Dans 3 L d'eau froide, demarrer cartilage/jarret + langue avec oignon, 1 poireau et l'ail. Porter a ebullition puis baisser a feu moyen et laisser fremir environ 4 h en ecumant sans relache mousse et gras de surface.
Ajouter poitrine (양지머리) et tete, poursuivre le fremissement environ 1 h jusqu'a tendrete. Une brochette doit traverser la viande sans resistance.
Sortir toutes les viandes, peler la peau de la langue, presser legerement puis trancher TOUT tres finement en pyeonyuk (편육). Filtrer le bouillon au linge, degraisser, saler a gout.
Cuire les jidan d'oeuf et tailler en losanges. Emincer champignons, chou, poire, blanc de poireau a taille egale. Blanchir brievement les legumes fermes. Melanger la sauce chojang centrale.
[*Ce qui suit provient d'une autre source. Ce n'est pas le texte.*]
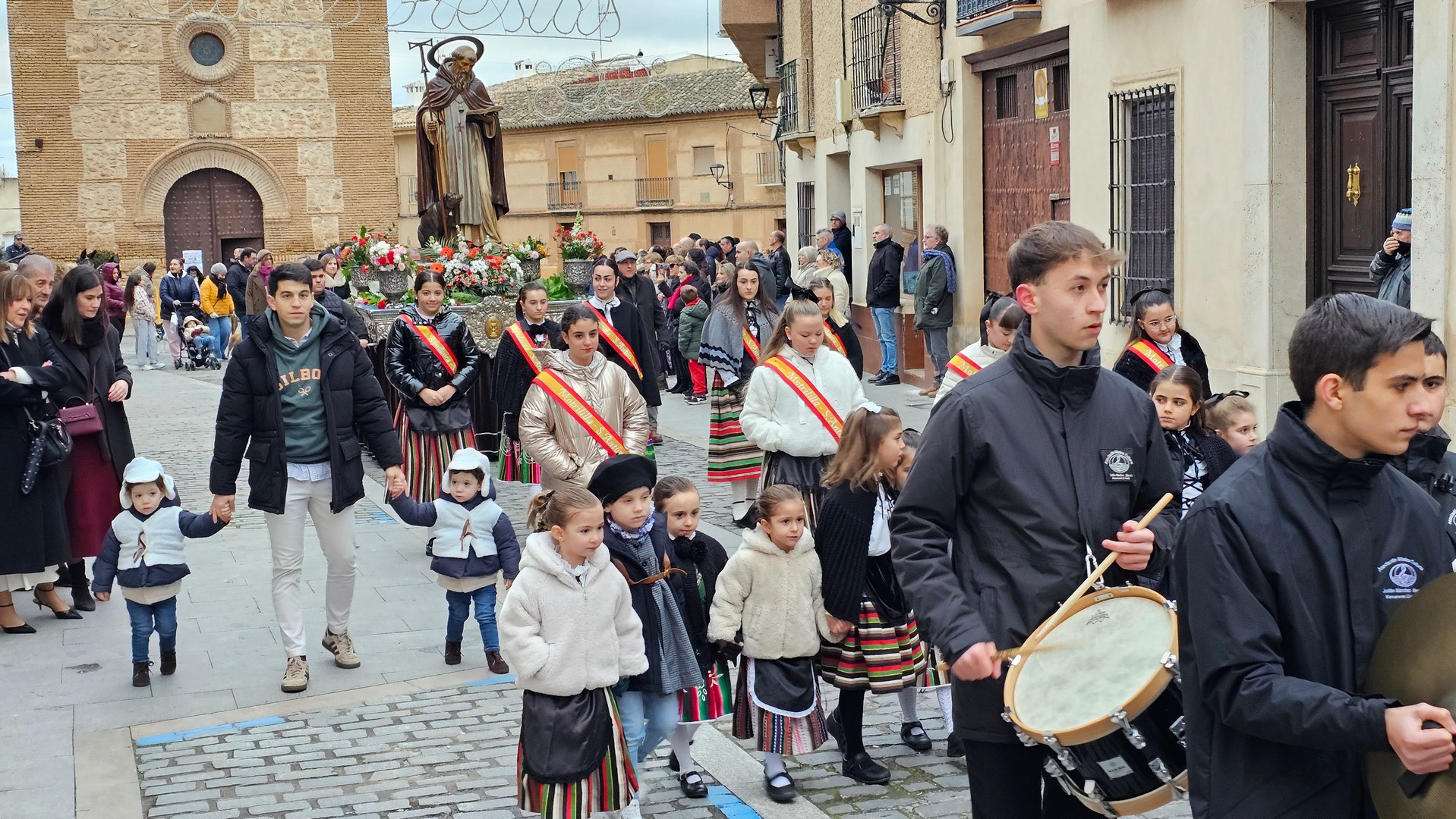 Ese fue el preludio de la procesión de la tarde, con la que se cerraban las fiestas en honor a San Antón 2026. Centenares de personas se encontraron con el santo en las calles por las que pasó una comitiva formada por miembros de la cofradía de San Antonio Abad, representantes de las hermandades locales, de la Corporación Municipal y de la Unidad de Acción Pastoral, la banda de música de la AMC ‘Julián Sánchez-Maroto’ y, vecinas y vecinos del barrio acompañados de sus animales.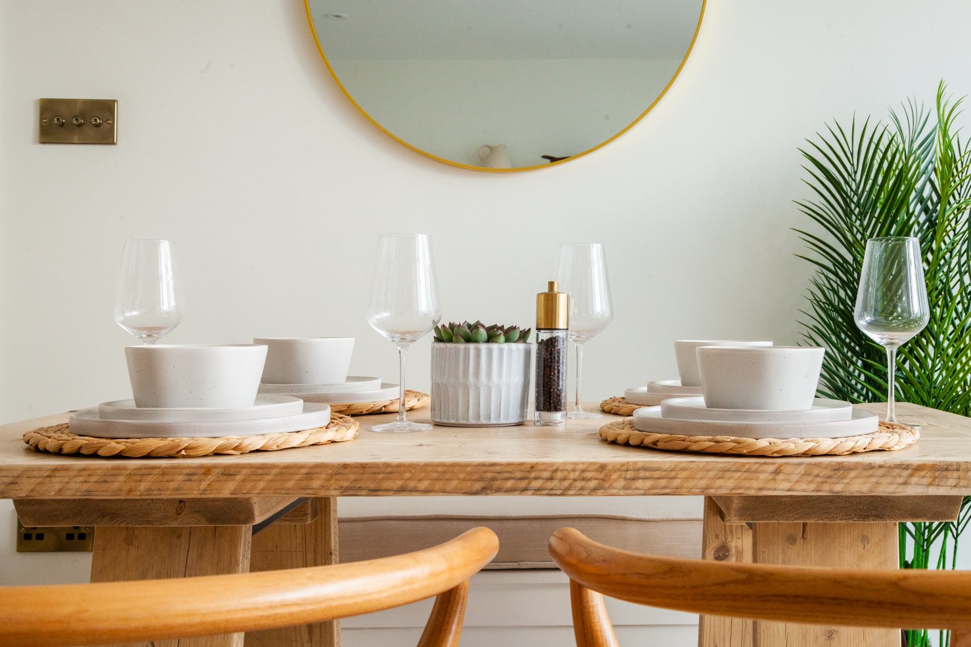 Kitchen: Beautifully presented, fully-equipped kitchen with a dining table and seating for four people, oven, hob, SMEG fridge/freezer, dishwasher, microwave, SMEG kettle and toaster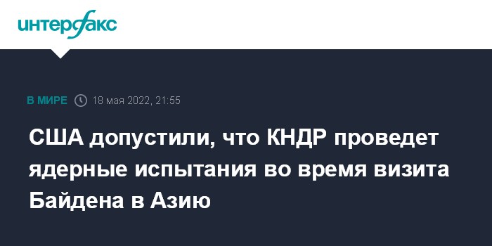 "Наши разведданные говорят о реальной возможности, что будут проведены либо ракетные испытания, включая испытания ракет большой дальности, либо ядерные испытания, или даже оба варианта, причем либо в день начала поездки президента Байдена в регион, либо - на второй день", - сказал он.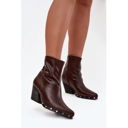 Dámské boty z eko kůže na sloupku hnědé model 21709985 - Boto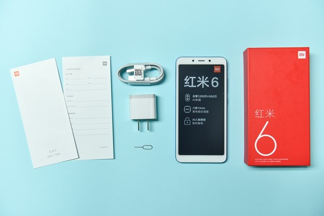 红米6的包装盒十分小巧简约,尺寸刚好能装下手机。红米6的包装盒内有:使用说明书、保修凭证、Micro数据线、电源插头、卡针及一台主机。红米6这样的价位,没有额外的配件或彩蛋也是理所应当。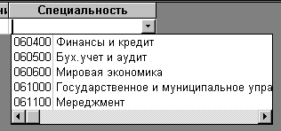 Поле Специальность Для данного поля в качестве информации используется значения из списка. В качестве списка приводится фиксированный набор значений (2 столбца) 1 столбец – номер специальности, 2 – ее наименование.
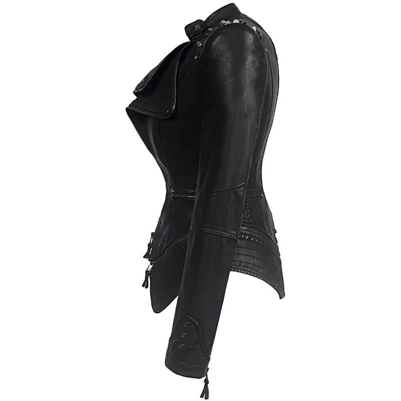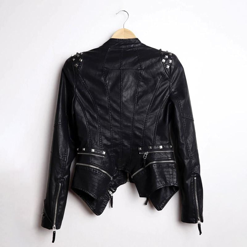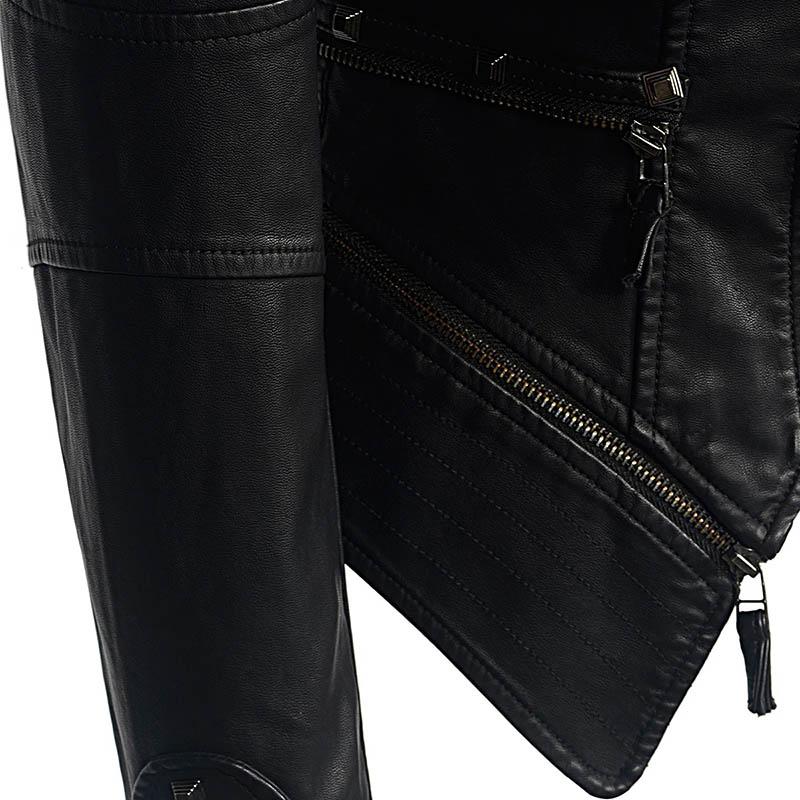 Jean Rider Faux Leather Jacket cuz you're bad bish daredevil bb! Ride the time of your life in this black biker jacket, it's designed to rock your world. This jacket features a rivet and multiple zipper design which is very intimidating.
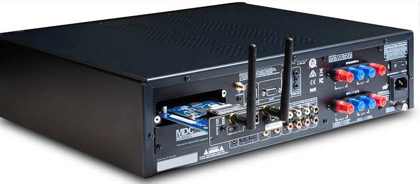 Muni de Wi-Fi et d’Ethernet, le module optionnel MDC2 BluOS-D offre la possibilité d’écouter de la musique depuis vos services de streaming favoris en utilisant l’application renommée BluOS Controller pour Android, iOS, macOS et Windows.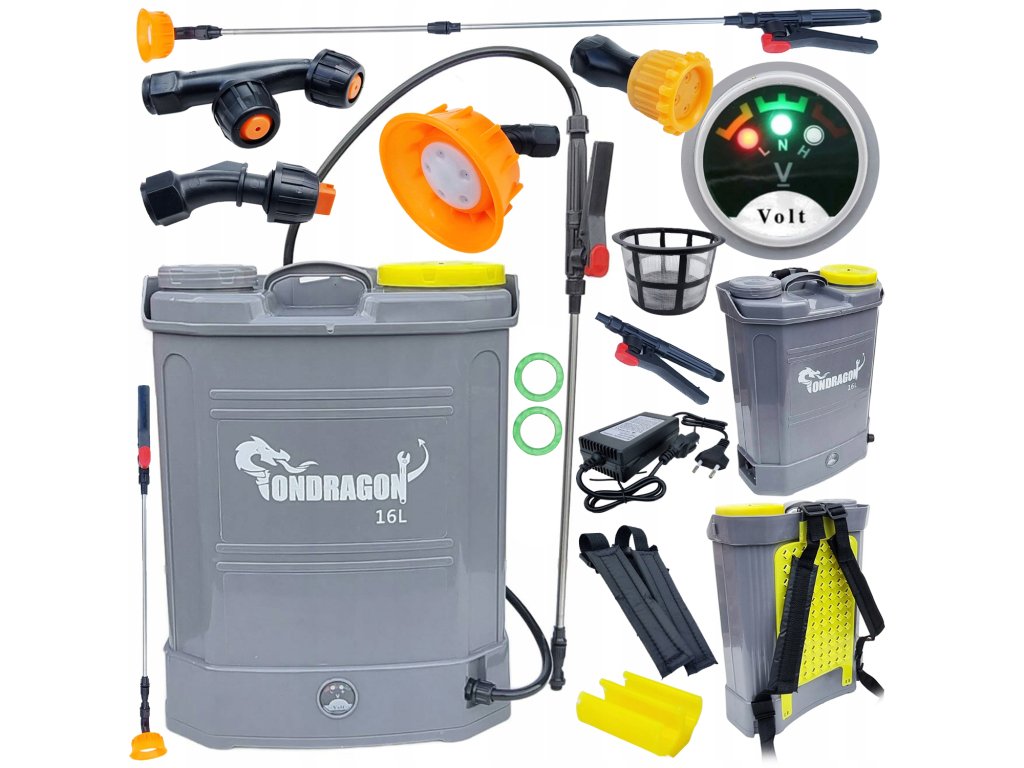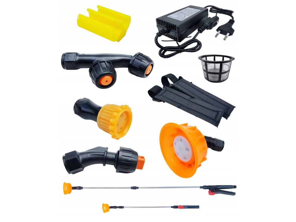 Ergonomikus AKU hátitáskás permetező 16L Nyomásos Teleszkópos 80cm + 4 fúvóka készlet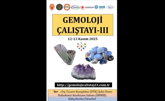 Gemoloji Çalıştayı-3, TMMOB Jeoloji Mühendisleri Odası İstanbul Şubesi, İstanbul Üniversitesi-Cerrahpaşa Jeoloji Mühendisliği Bölümü, Maden Tetkik ve Arama Genel Müdürlüğü (MTA), Maden ve Petrol İşleri Genel Müdürlüğü (MAPEG), Darphane ve Damga Matbaası Genel Müdürlüğü, İstanbul Maden ve Metaller İhracatçı Birlikleri (İMMİB), Mücevher İhracatçıları Birliği ve İstanbul Kuyumcular Odası (İKO) paydaşlığında, 12-13 Kasım 2025 tarihleri arasında, İMMİB-Dış Ticaret Kompleksi (DTK) Şehit Ömer Halisdemir Konferans Salonu’nda, İstanbul’da düzenlenecektir.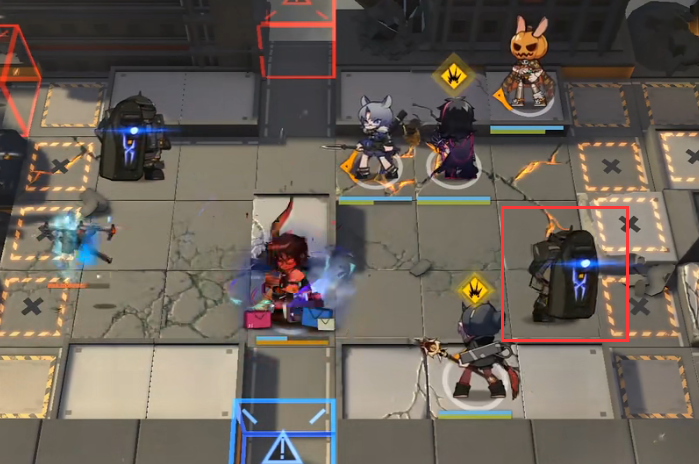 最后一个盾卫脚底藏了一个弓箭手,因此我们在撤退时需要留一下棘刺,剩下的盾卫放进家里和博士贴贴即可。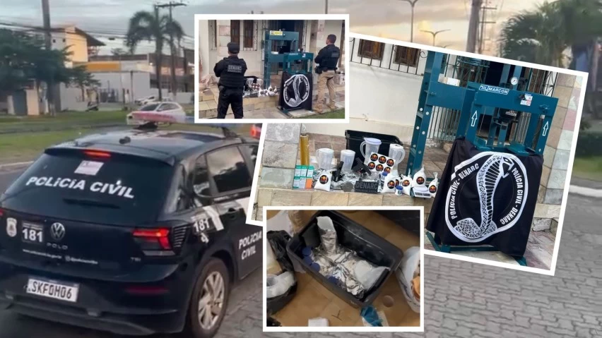 No imóvel, os policiais encontraram um laboratório de produção e refino de cocaína. Também foram apreendidas duas prensas hidráulicas, duas pistolas semiautomáticas, porções da droga, material para mistura, insumos químicos, além de dois veículos de luxo.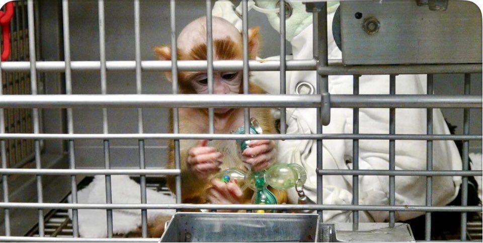 実験のために頭を丸坊主に剃られ 檻の中で たった独りで遊ぶ猿の子。 #peta #動物実験反対 #againstanimaltesting #fightinganimaltesting #ヴィーガン #vegan #生類憐みの令 #徳川綱吉 #動物解放 #animalliberation pic.x.com/wYbtcVYn2V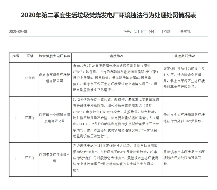 近日,生态环境部官网公布“2020年第二季度生活垃圾焚烧发电厂环境违法行为处理处罚情况表”。北京京环绿谷环境管理有限公司(以下简称“京环绿谷”)、江苏睢宁宝源新能源发电有限公司(以下简称“睢宁宝源”)和江西景圣环保有限公司(以下简称“景圣环保”)3家垃圾焚烧发电厂存在违法情况。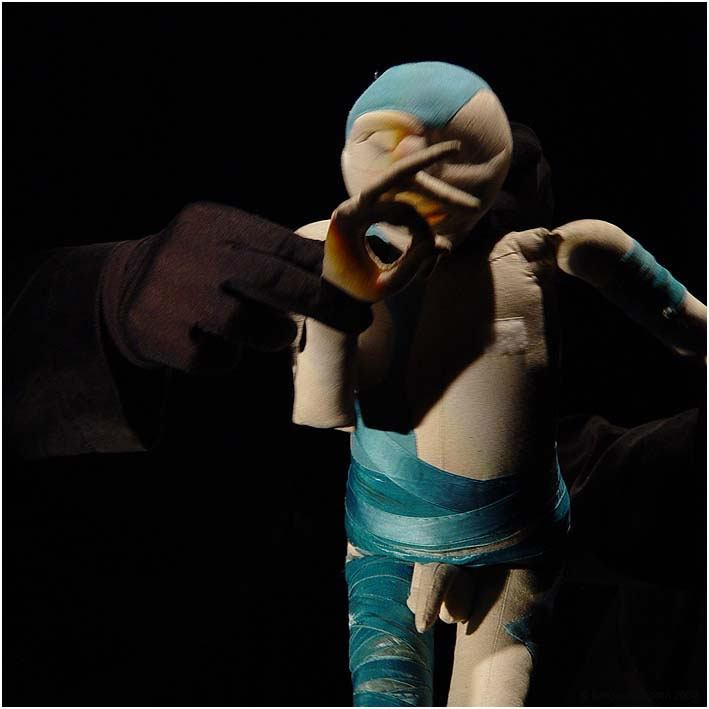 A multi media experience in the Teatro Dei Differenti using the minimum of props, some very effective lighting, a very powerful sound track and just the most beautiful puppets I have ever seen – From the barganews.com archives 2004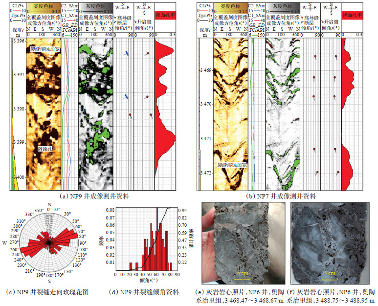 裂缝对储集空间有2方面重要的控制作用,一方面裂缝自身可以储集油气,另一方面裂缝沟通相邻的孔洞,从而形成缝洞系统,改善了储层渗流能力[10]。通过岩心及薄片观察,主要发育构造缝和溶蚀缝2种类型,其中构造缝按裂缝倾角大小由高到低可分为垂直缝、高角度缝、斜交缝和低角度缝,其走向为近北东向和近北西向,与主控断裂走向一致;溶蚀缝则多为沿构造缝溶蚀形成,在成像测井及岩心上可常见裂缝溶蚀加宽现象[图 3(a)-(d)]。
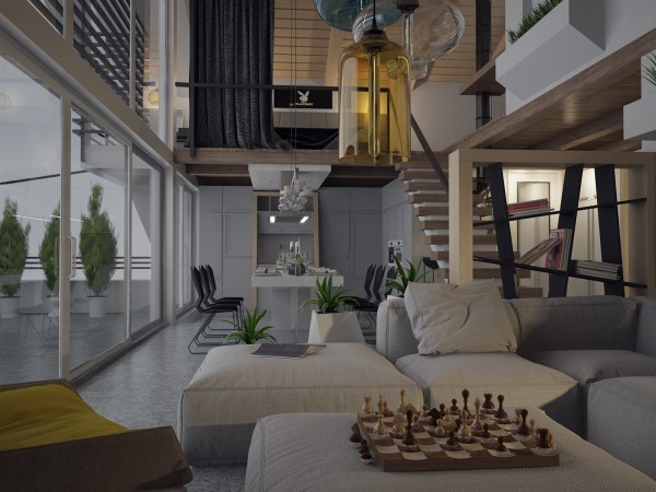The first penthouse in this post is from the Ukraine. The modern two story space is steeped in cozy decadence. Overstuffed chairs and ottomans demand relaxation of the body while simple, clean design calms the mind as well. The lofted bedroom area is particularly comfortable, using its comparatively minimal area to create a nest that’s ideal for sleeping or intimate conversation.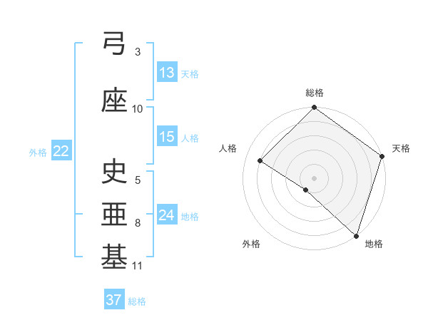 弓座 史亜基さんの総格は37画の5点!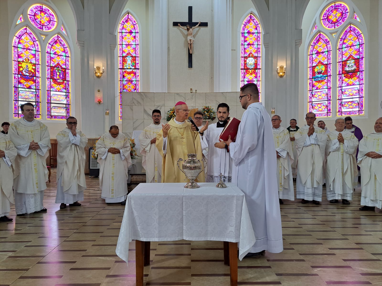 Na manhã desta Quinta-feira da Semana Santa, 28 de março, Dom Moacir Aparecido de Freitas, Bispo Diocesano, celebrou a Missa do Crisma, também conhecida como Missa dos Santos Óleos, na Catedral Nossa Senhora Aparecida, de Votuporanga. Esta Missa é marcada pela renovação das promessas sacerdotais e a benção dos óleos dos enfermos e catecúmenos e consagração do Crisma.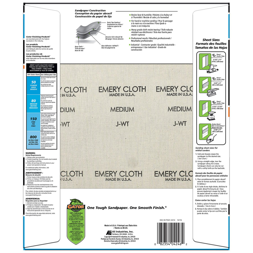 Product Description Medium Grit Emery Cloth Is Perfect For Smoothing Out Various Metal Surfaces. Its Natural Emery Abrasive Makes The Sheet Ideal For Sanding, Scouring, Polishing And Removing Cutting Tool Marks On Various Types Of Metal, Making It A Versatile Tool. Natural Emery Abrasive Is Firmly Bound To The Backing For Quality Scouring And Polishing On A Variety Of Metals, Woods, And Composites. This Closed-Coat Cloth Delivers Medium Material Removal With An Extended Life That Makes It A Good Value In Your Workshop. From The Manufacturer Gator Grit 25 Count 9,, X 11 80 Grit Medium Emery Cloth. The 80 Grit Medium Emery Cloth Is Designed To Sand And Finish Steel, Copper Piping, Brass, Iron, Aluminum And Stainless Steel. The Crocus Cloth Can Be Used On Either A Hand Or Machine Sander. If Using An Orbital Sander, The Crocus Cloth Can Be Cut Into A 1/2 Sheet, 1/3 Sheet, Or 1/4 Sheet To Fit The Sander.

Sur un grand plateau de laiton (놋쟁반, ~50 cm de diametre), disposer les tranches de viande en couronne, intercaler champignons, chou, poire, jidan. Placer le bol de chojang au centre. Verser le bouillon brulant par-dessus.
Poser le plateau sur un rechaud au centre de la table. Laisser bouillonner environ 10 min, ajouter le ssukgat en fin. On pioche en commun, on trempe dans le chojang, on sirote le bouillon. Quand viande et legumes sont finis, jeter les nouilles de sarrasin dans le bouillon restant et terminer ensemble.